Data provided:
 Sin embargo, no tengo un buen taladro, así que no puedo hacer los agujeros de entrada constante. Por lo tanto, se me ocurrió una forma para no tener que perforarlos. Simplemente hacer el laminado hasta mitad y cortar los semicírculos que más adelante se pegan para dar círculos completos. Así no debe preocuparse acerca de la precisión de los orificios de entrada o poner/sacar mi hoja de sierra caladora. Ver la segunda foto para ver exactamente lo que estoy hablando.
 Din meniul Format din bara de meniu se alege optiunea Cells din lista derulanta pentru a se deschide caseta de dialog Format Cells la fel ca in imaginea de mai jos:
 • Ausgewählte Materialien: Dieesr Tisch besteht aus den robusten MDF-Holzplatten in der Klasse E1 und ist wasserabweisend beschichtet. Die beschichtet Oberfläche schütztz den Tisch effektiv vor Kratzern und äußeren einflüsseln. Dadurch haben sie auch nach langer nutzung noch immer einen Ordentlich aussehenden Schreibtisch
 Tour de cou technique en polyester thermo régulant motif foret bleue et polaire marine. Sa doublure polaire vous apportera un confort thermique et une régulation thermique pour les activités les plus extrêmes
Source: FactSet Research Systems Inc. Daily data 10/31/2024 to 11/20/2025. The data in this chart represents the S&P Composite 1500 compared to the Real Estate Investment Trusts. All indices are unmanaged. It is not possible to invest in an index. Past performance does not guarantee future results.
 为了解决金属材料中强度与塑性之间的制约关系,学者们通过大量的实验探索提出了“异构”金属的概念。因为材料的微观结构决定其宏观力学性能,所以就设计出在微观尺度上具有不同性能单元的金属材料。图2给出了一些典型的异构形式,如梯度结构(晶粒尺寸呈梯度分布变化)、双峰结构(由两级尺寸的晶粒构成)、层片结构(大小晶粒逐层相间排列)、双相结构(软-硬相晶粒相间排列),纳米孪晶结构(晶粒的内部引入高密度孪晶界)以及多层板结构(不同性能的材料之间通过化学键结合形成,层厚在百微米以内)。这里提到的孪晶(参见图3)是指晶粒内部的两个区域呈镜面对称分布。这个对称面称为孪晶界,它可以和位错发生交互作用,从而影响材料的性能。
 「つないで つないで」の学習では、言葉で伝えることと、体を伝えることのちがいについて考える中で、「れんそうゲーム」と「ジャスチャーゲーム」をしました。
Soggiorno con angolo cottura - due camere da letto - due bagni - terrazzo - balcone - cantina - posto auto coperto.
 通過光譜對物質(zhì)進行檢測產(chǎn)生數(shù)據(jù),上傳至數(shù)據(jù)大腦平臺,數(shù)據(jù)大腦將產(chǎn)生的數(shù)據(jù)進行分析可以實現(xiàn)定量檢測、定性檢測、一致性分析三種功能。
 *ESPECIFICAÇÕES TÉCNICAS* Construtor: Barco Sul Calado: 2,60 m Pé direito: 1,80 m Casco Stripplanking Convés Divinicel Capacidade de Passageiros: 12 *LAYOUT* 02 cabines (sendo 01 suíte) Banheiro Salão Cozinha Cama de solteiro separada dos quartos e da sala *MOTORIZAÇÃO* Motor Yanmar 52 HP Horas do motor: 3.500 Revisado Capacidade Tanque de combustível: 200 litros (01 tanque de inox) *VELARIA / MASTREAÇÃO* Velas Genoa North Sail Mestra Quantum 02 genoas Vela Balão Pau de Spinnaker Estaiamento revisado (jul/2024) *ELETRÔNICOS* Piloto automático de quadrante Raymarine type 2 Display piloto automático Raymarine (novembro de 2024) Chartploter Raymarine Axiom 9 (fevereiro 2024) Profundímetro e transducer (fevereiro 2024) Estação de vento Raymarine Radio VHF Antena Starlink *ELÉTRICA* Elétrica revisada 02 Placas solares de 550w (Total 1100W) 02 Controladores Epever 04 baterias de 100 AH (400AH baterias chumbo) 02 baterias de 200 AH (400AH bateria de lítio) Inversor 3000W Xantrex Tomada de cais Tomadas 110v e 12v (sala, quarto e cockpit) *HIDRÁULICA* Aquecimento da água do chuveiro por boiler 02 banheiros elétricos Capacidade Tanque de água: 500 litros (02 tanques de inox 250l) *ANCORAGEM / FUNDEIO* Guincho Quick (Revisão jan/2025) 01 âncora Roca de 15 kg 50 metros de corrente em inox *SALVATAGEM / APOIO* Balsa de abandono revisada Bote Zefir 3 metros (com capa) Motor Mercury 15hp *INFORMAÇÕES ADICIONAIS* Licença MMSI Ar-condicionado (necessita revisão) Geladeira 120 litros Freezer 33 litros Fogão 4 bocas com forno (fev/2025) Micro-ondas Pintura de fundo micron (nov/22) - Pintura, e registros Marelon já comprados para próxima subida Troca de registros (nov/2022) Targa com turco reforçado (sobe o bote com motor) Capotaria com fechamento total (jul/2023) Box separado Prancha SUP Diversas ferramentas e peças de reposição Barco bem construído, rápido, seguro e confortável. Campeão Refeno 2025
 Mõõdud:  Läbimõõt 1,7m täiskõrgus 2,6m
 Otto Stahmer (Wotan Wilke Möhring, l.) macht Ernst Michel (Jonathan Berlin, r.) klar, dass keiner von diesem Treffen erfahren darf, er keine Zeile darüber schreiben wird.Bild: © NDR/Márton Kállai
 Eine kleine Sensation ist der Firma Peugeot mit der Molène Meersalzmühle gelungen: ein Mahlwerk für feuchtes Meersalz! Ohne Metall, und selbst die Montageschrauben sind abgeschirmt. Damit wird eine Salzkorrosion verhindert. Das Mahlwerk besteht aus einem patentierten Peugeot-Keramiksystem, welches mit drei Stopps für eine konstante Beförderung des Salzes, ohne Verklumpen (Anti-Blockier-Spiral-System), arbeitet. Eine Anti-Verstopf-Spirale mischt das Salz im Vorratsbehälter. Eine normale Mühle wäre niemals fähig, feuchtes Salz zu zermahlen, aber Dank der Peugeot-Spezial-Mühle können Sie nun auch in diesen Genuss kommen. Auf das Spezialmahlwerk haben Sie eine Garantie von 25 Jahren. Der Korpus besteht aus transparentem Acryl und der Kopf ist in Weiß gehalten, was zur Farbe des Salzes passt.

Activity: The required answer is the line with "Otto Stahmer (Wotan" plus every line after it to the end of the entries above, transcribed exactly.

Reply to the task:
 Otto Stahmer (Wotan Wilke Möhring, l.) macht Ernst Michel (Jonathan Berlin, r.) klar, dass keiner von diesem Treffen erfahren darf, er keine Zeile darüber schreiben wird.Bild: © NDR/Márton Kállai
 Eine kleine Sensation ist der Firma Peugeot mit der Molène Meersalzmühle gelungen: ein Mahlwerk für feuchtes Meersalz! Ohne Metall, und selbst die Montageschrauben sind abgeschirmt. Damit wird eine Salzkorrosion verhindert. Das Mahlwerk besteht aus einem patentierten Peugeot-Keramiksystem, welches mit drei Stopps für eine konstante Beförderung des Salzes, ohne Verklumpen (Anti-Blockier-Spiral-System), arbeitet. Eine Anti-Verstopf-Spirale mischt das Salz im Vorratsbehälter. Eine normale Mühle wäre niemals fähig, feuchtes Salz zu zermahlen, aber Dank der Peugeot-Spezial-Mühle können Sie nun auch in diesen Genuss kommen. Auf das Spezialmahlwerk haben Sie eine Garantie von 25 Jahren. Der Korpus besteht aus transparentem Acryl und der Kopf ist in Weiß gehalten, was zur Farbe des Salzes passt.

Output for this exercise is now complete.